**Records contained in a dataset**:

·····

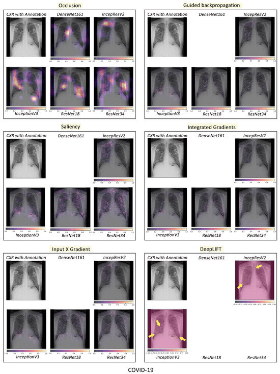 Chatterjee, S.; Saad, F.; Sarasaen, C.; Ghosh, S.; Krug, V.; Khatun, R.; Mishra, R.; Desai, N.; Radeva, P.; Rose, G.; et al. Exploration of Interpretability Techniques for Deep COVID-19 Classification Using Chest X-ray Images. J. Imaging 2024, 10, 45. https://doi.org/10.3390/jimaging10020045
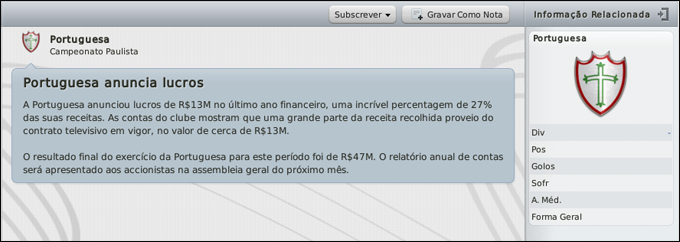 paso226 Postado 15 de Fevereiro 2011 Denunciar Postado 15 de Fevereiro 2011 Consegui ler tudo. Muito boa a história Jirimias. Também fiz uma carreira dessas, comecei com o Trem, no segundo ano fui para o Botafogo (SP), consegui promoção pra série C e em seguida pra série B, e consegui ficar em 4º na série B, com um segundo turno impecável. Daí na metade do campeonato paulista de 2016 fui chamado pro Santos. Tá muito bom. Boa sorte na Lusa, tenho certeza que vai figurar entre os postulantes ao acesso com o time que montar. Se quiser indicações, é complicado por conta do tempo avançado de jogo, mas posso ajudar. Citar
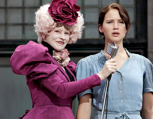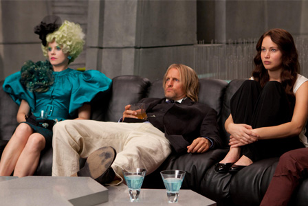 Stanley Tucci, with highlighted Victorian hair as ridiculous as The Fifth Element’s opera scene boasted, rises above his silly outfit to perform fantastically as the event’s ongoing emcee. And Wes Bentley (Gone; Ghost Rider) looks ridiculously diabolical with weird facial hair and vest suits, as the promoter and director of the event. Even more strangely wardrobed is the villainous Elizabeth Banks (Our Idiot Brother; The Next Three Days), a striking purple and powdered pale menace to high society who acts as if the chosen tributes are to be congratulated for their participation. Woody Harrelson (Friends with Benefits, Rampart), who I normally love, is rather unimpressive as their hesitant, alcoholic mentor and previous Hunger Games victor. He explains that the best means of survival (i.e., food and shelter) is to get people to like you; to have sponsors.
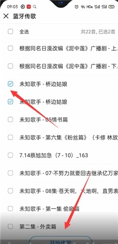 勾选需要传输的歌曲,点击“开始传歌”按钮,选择目标发送设备,待对方确认接收后,即可完成传输。
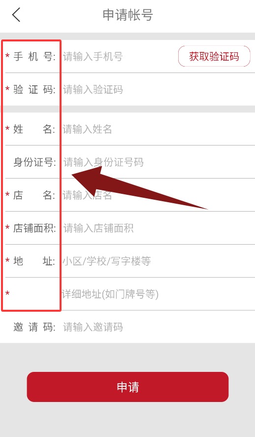 3、申请界面需填写带红色星号的必填项,包括手机号与姓名等。
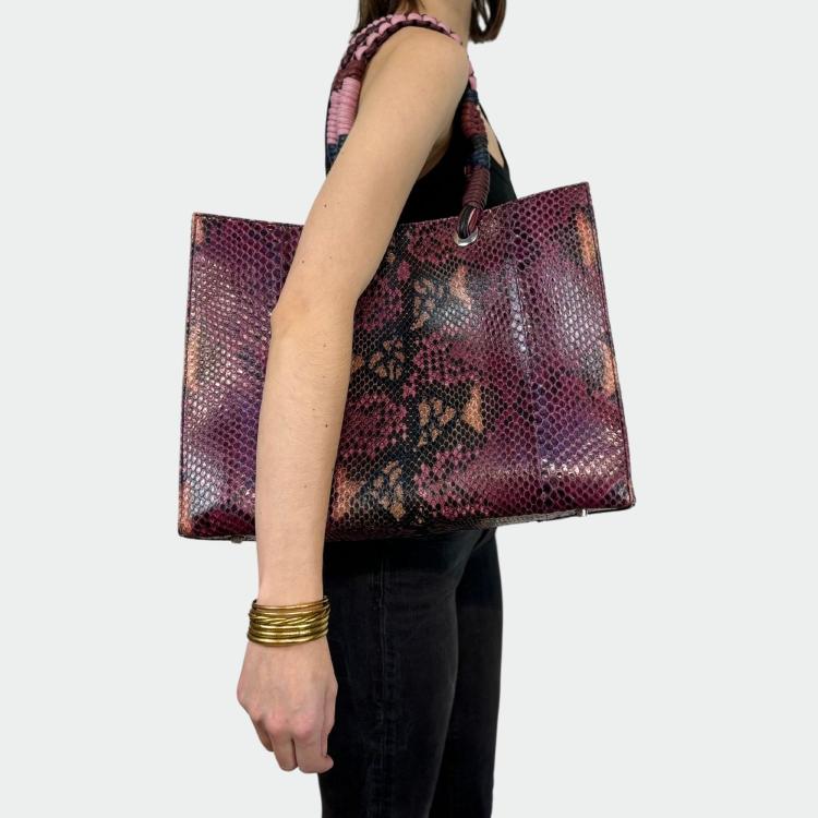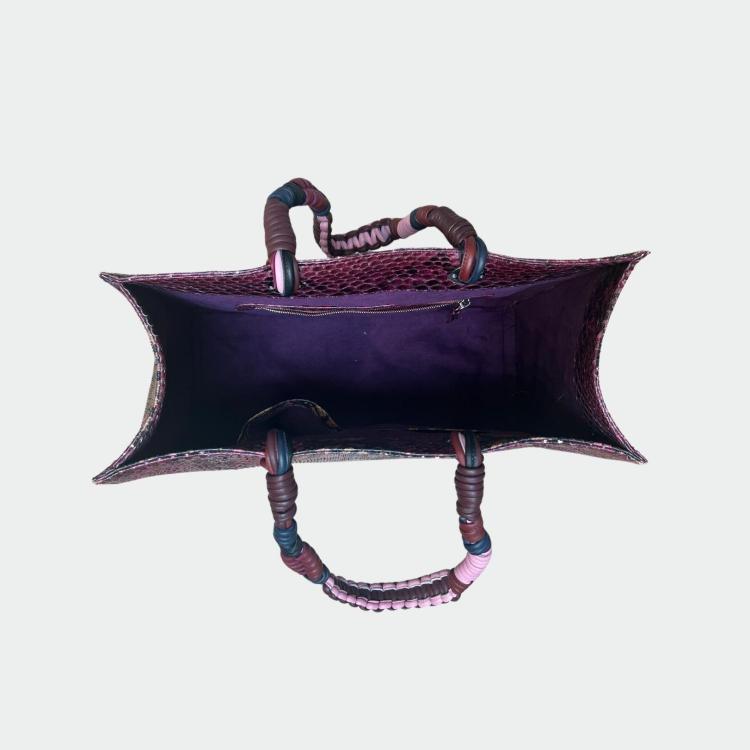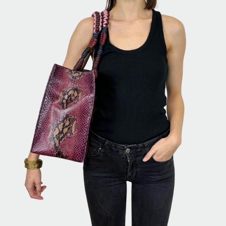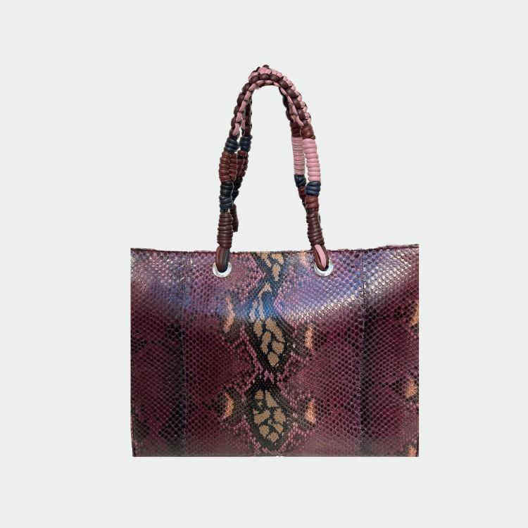 Sac en python, avec doublure intérieure en coton et anses tressées.
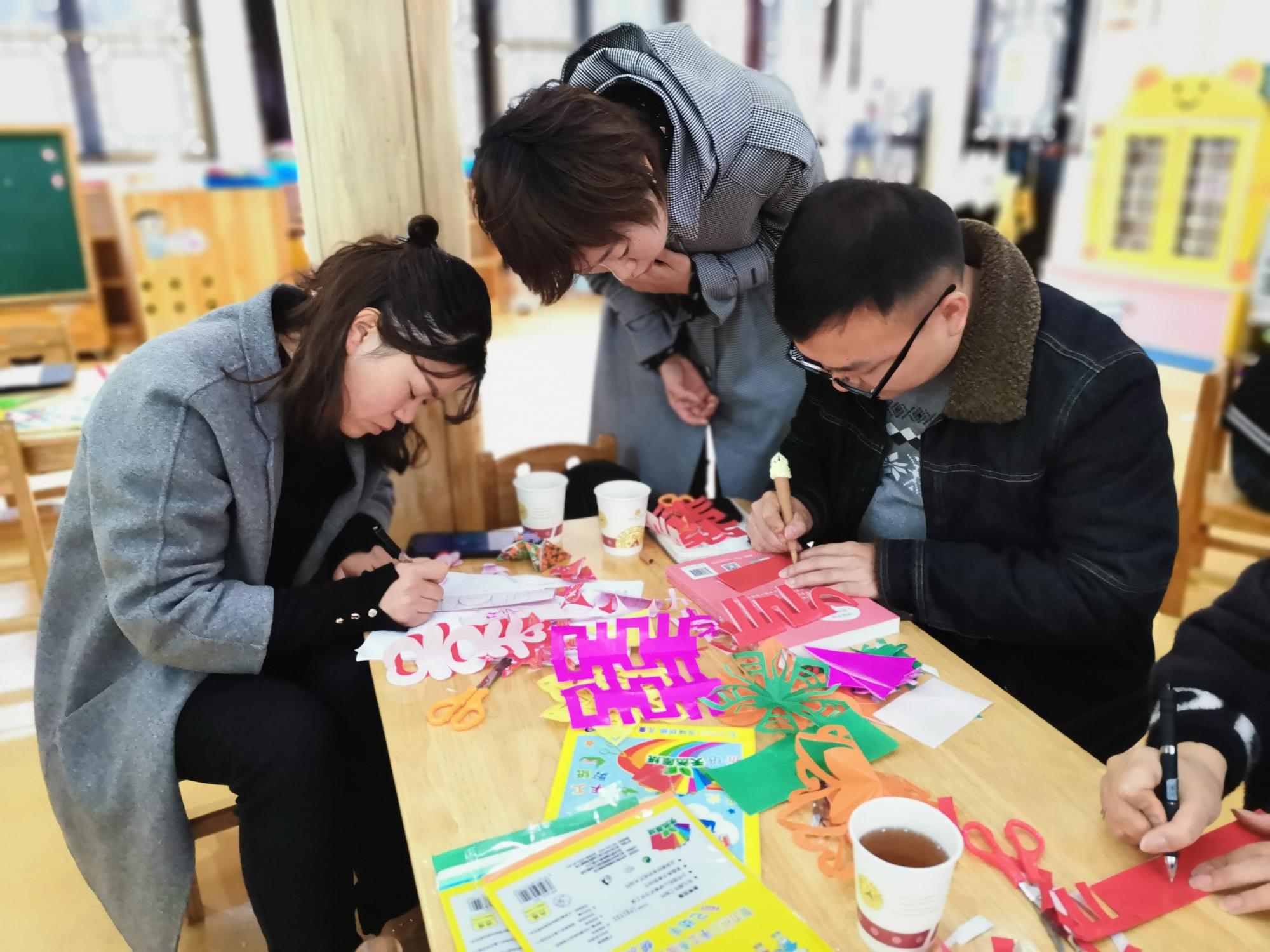 在活动过程中,申利丽教师与老师们进行了沟通、交流,对剪纸类型、技巧进行了探讨。老师们学习兴趣浓厚,全神贯注,同伴之间互相探讨、互相帮忙,用她们的巧手折叠出了一件件形象逼真、造型别致的作品。看着一张张精美的“喜”、“福”、“春”字及窗花图案,老师们纷纷感慨中国传统民间艺术的神奇力量。
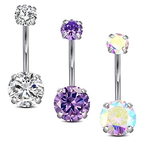 OUFER 316L Surgical Steel Belly Bars Clear CZ Belly Rings Navel Rings Belly Button Piercing Jewellery
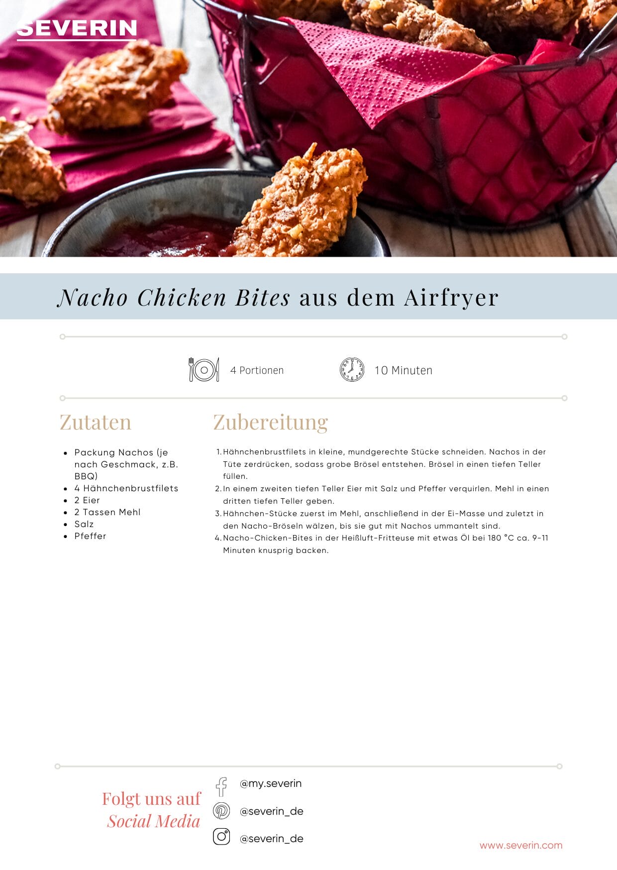 - Bake the nacho chicken bites in a hot air fryer with a little oil at 180 °C for approx. 9-11 minutes until crispy.
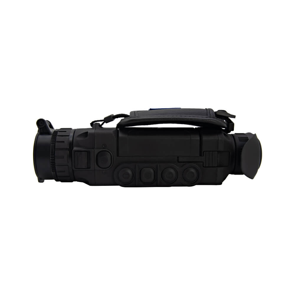 Легкий и удобный тепловизор-монокуляр в черном анодированном корпусе из алюминиевых сплавов. Корпус прибора полностью герметичен и выдерживает погружение в воду на глубину до 1 метра. Входная линза объектива диаметром 38 мм изготовлена из германия Разрешение неохлаждаемого теплового сенсора составляет 640х480 точек с частотой обновления кадров 50 Гц. Тепловизор обеспечивает обнаружение ростовой фигуры на расстоянии 1350 метров. двухкратное цифровое увеличение прибора позволяет передавать детали на больших дистанциях наблюдения. Прибор оснащен модулем Wi-Fi для передачи изображения на мобильное устройство. Встроенные литиевые аккумуляторы обеспечивают работу прибора не менее 8 часов.
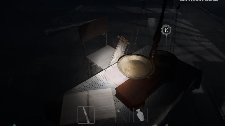 在黑板右边的柜子上有个发簪和把手,把手可以在旁边门外互动获得一瓶液体,再进入门内将发簪和瓶子放到秤上可以得到钥匙。
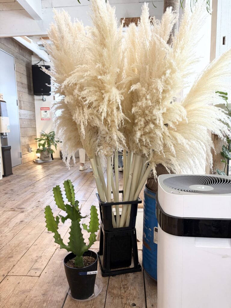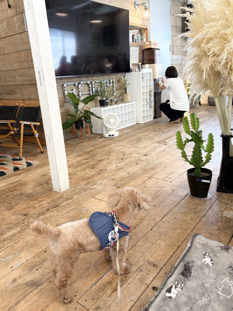 入り口にサボテンなどの可愛い植物やワンコのオヤツなど販売してるよ
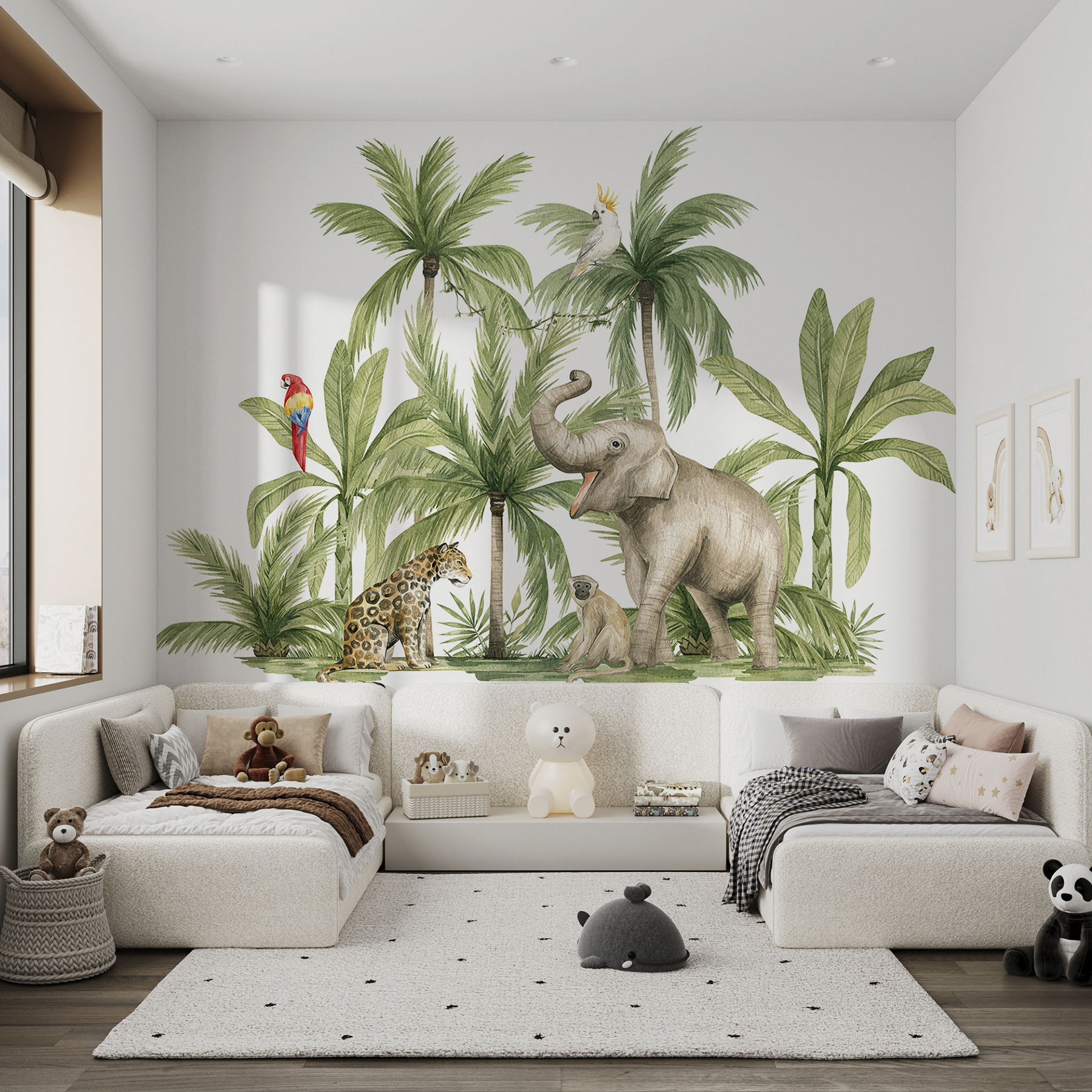 Tover elke kamer om in een levendig jungleavontuur met deze grillige muurschildering met speelse dieren tussen wuivende palmbomen. Stel je voor dat je een ruimte binnenloopt waar een olifant, een brutale aap en een kleurrijke papegaai je begroeten – wie zou daar niet om glimlachen? Perfect voor kinderkamers of zelfs een gezellig hoekje in je woonkamer, het voegt een vleugje charme van de natuur toe. En wie kan de rustgevende sfeer van weelderig groen weerstaan? Leun achterover en laat deze jungle scène vreugde en gelach opwekken, waardoor alledaagse momenten in mini-avonturen veranderen. Omarm de wilde kant, al is het maar voor even!
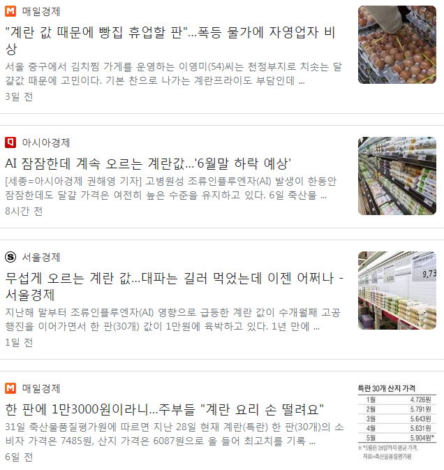 반면, 계란값은 계속 오르고 있네요. 희한하네.. 같은 값으로 치면 계란하고 돼지고기 무게가 비슷하다니..
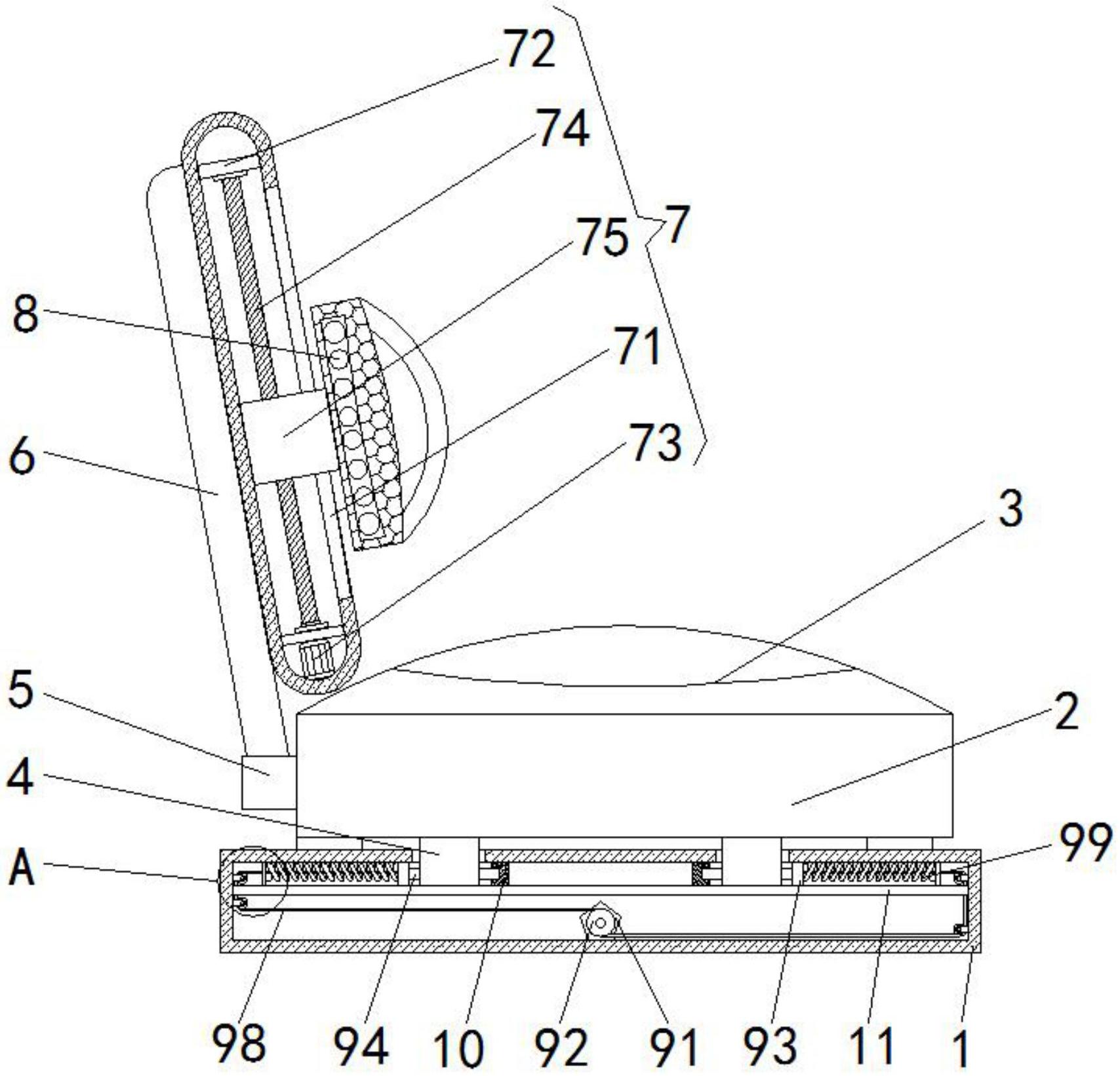 本实用新型涉及安全座椅技术领域,且公开了一种具有头枕组件的儿童安全座椅,包括底座和安装座,所述安装座位于底座的顶部,所述安装座的顶部设置有坐垫,所述安装座的底部设置有一端延伸至底座内部且数量为两个的支撑柱,所述安装座的左侧设置有延伸块,所述延伸块的顶部设置有靠板,所述底座的内顶壁设置有数量为两个且位于两个支撑柱之间的卡块,所述底座的内壁左右两侧之间设置有与两个支撑柱底部贴合且与两个卡块连接的横板,所述靠板的右侧设置有位于坐垫上方的调节组件。该具有头枕组件的儿童安全座椅,可使用者根据需求自动调整头枕的高度,有效帮助使用者对安全座椅进行拆装更换,方便了使用者使用。
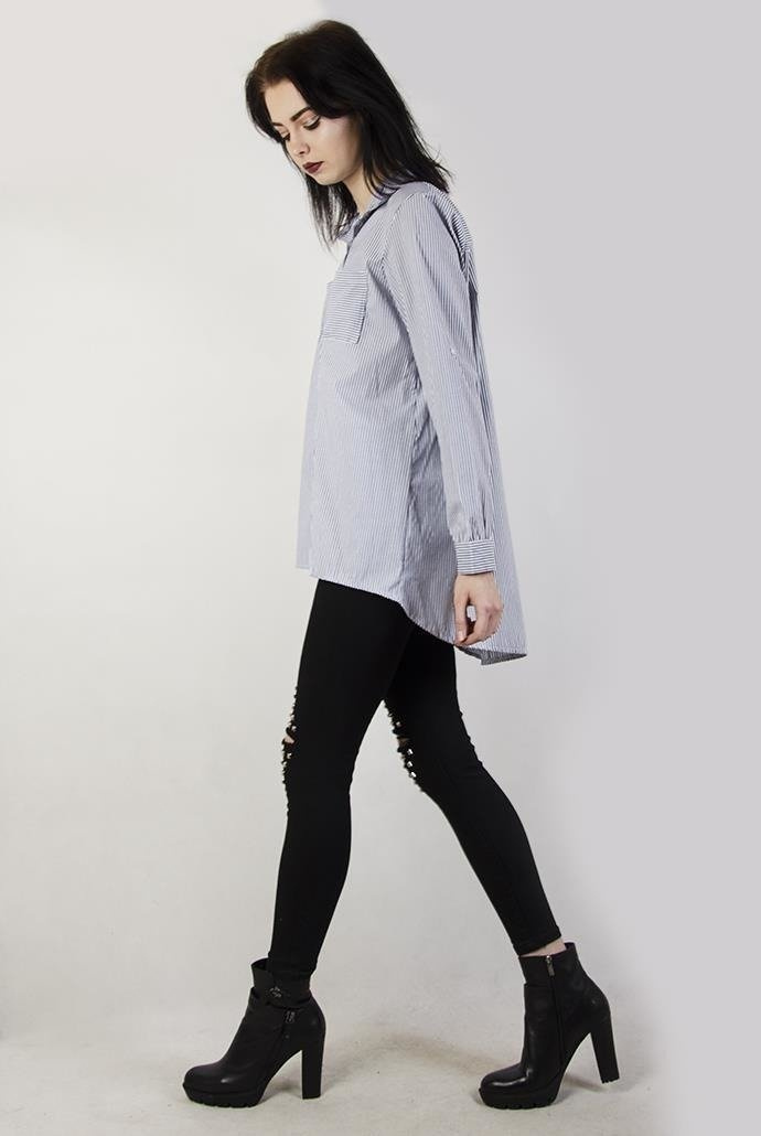 Szara koszula w paski, zapinana na guziki, z kieszonkami

·····

**TASK DESCRIPTION**: Which part of the entries opens with the line containing "Sac en python, avec" and closes with the line containing "入り口にサボテンなどの可愛い植物やワンコのオヤツなど販売してるよ"? Output that part exactly, ends included, pictures excluded.

**EXERCISE ANSWER**:
 Sac en python, avec doublure intérieure en coton et anses tressées.
 在活动过程中,申利丽教师与老师们进行了沟通、交流,对剪纸类型、技巧进行了探讨。老师们学习兴趣浓厚,全神贯注,同伴之间互相探讨、互相帮忙,用她们的巧手折叠出了一件件形象逼真、造型别致的作品。看着一张张精美的“喜”、“福”、“春”字及窗花图案,老师们纷纷感慨中国传统民间艺术的神奇力量。
 OUFER 316L Surgical Steel Belly Bars Clear CZ Belly Rings Navel Rings Belly Button Piercing Jewellery
 - Bake the nacho chicken bites in a hot air fryer with a little oil at 180 °C for approx. 9-11 minutes until crispy.
 Легкий и удобный тепловизор-монокуляр в черном анодированном корпусе из алюминиевых сплавов. Корпус прибора полностью герметичен и выдерживает погружение в воду на глубину до 1 метра. Входная линза объектива диаметром 38 мм изготовлена из германия Разрешение неохлаждаемого теплового сенсора составляет 640х480 точек с частотой обновления кадров 50 Гц. Тепловизор обеспечивает обнаружение ростовой фигуры на расстоянии 1350 метров. двухкратное цифровое увеличение прибора позволяет передавать детали на больших дистанциях наблюдения. Прибор оснащен модулем Wi-Fi для передачи изображения на мобильное устройство. Встроенные литиевые аккумуляторы обеспечивают работу прибора не менее 8 часов.
 在黑板右边的柜子上有个发簪和把手,把手可以在旁边门外互动获得一瓶液体,再进入门内将发簪和瓶子放到秤上可以得到钥匙。
 入り口にサボテンなどの可愛い植物やワンコのオヤツなど販売してるよ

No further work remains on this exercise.